FIG. 4 is an alternative detector that also identifies speech. The detector 400 digitizes and converts a selected time-varying signal to the frequency domain through a digital converter 302, windowing device 304, and an FFT device or frequency converter 306. A power domain converter 308 may convert each frequency bin into the power spectral domain. The power domain converter 308 in FIG. 4 may comprise a power detector that smoothes or averages the acoustic power in each frequency bin before it is transmitted to the SNR estimator 402. The SNR estimator 402 or SNR logic may measure the strength of a voiced segment relative to the strength of a detected noise. Some SNR estimators may include a multiplier or subtractor. An output of the SNR estimator 402 may be a scalar multiple of the smooth or averaged SNR or the smooth or averaged SNR less an offset (which may be automatically derived or user defined). In some systems the scalar multiple is less than one. When an SNR estimator 402 does not detect a voice segment, further processing may terminate. In FIG. 4, the SNR estimator 402 may terminate processing when a comparison of the SNR to a programmable threshold indicates an absence of speech (e.g., the noise spectrum may be more prominent than the harmonic spectrum). In other systems, a noise estimator 404 may terminate processing when signal periodicity is not detected or sufficiently detected (e.g., the quasi-periodic structure voiced segments are not detected). In other systems, the SNR estimator 402 and noise estimator 404 may jointly terminate processing when speech is not detected.

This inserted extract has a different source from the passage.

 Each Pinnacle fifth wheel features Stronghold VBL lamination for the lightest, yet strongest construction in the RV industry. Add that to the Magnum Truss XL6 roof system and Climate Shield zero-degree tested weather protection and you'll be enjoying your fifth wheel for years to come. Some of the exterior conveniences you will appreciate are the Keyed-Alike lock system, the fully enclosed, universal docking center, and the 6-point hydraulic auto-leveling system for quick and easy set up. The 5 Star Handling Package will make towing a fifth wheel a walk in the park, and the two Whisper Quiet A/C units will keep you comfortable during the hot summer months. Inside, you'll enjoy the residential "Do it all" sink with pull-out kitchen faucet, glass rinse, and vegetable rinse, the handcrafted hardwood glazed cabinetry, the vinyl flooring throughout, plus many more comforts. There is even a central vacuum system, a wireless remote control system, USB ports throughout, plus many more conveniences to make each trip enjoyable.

The noise estimator 404 may measure the background noise or interference. The noise estimator 404 may measure or estimate the maximum variance across one or more frequency bins. Some noise estimators 404 may include a multiplier or adder. In these systems, the noise variance may be a scalar multiple of the maximum noise variance or a maximum noise variance plus an offset (which may be automatically or user defined). In these processes the scalar multiple (of the maximum noise variance) may be greater than one.

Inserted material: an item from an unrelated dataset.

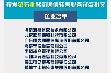 C114訊12月18日,工業(yè)和信息化部向8家民營(yíng)企業(yè)發(fā)放了第五批移動(dòng)通信轉(zhuǎn)售業(yè)務(wù)試點(diǎn)批文。 獲得第五批試點(diǎn)批文的企業(yè)有:海南海航信息技術(shù)有限公司、北京聯(lián)想調(diào)頻科技有限公司、廣東恒大和通信科技股份有限公司、青島豐信通信有限公司、鳳凰資產(chǎn)管理有限公司、深圳平安通信科技有限公司、民生電子商…

In some systems, the respective offsets and/or scalar multipliers may automatically adapt or adjust to a user's environment. The adjustments may occur as the systems continuously or periodically detect and analyze the background noise and voice that may surround one or more desired (e.g., selected) voice segments. Based on the level of the signals detected, an adjusting device may adjust the offsets and/or scalar multiplier. In some alternative systems, the adjuster may automatically modify a voice threshold that the speech detector 406 may use to detect speech.

To isolate speech from the noise or other interference surrounding it, the voice detector 406 may apply decision criteria to isolate speech. The decision criteria may comprise the maximum value of the SNR estimate 206 and noise estimate 208 at points in time (that may be modified by the adjustment described above). By tracking both the smooth SNR and the noise variance the system 400 may make a longer term comparisons of the detected signal to an adjusted signal-to-noise ratio and variations in detected noise. The voice detector 406 may compare the maximum of two thresholds (that may be further adjusted) to the instant SNR of the output of the frequency converter 306. The system 400 may reject a voice decision or detection where the instant SNR is below the maximum values between these two thresholds at specific points in time.

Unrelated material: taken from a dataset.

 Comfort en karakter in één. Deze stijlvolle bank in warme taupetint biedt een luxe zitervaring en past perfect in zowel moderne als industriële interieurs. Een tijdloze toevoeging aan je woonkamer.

FIG. 5 shows an alternative speech detector 500. The structure shown in FIG. 4 may be modified so that the noise and voice estimates are derived in series. An alternative system estimates voice or SNR before estimating noise in series.

FIG. 6 shows a voice sample contaminated with noise. The upper frame shows a two-dimensional pattern of speech shown through a spectrogram. The vertical dimension of the spectrogram corresponds to frequency and the horizontal dimension to time. The darkness pattern is proportional to signal energy. The voiced regions and interference are characterized by a striated appearance due to the periodicity of the waveform.

The lower frame of FIG. 6 shows an output of the noise estimator (or noise estimate process) as a first threshold and an output of the voice estimator (or a voice estimate process) as the second threshold. Where voice is prominent, the level and slope of the second threshold increases. The nearly unchanging slope and low intensity of the background noise shown as the first threshold is reflected in the block-like structure that appears to change almost instantly between speech segments.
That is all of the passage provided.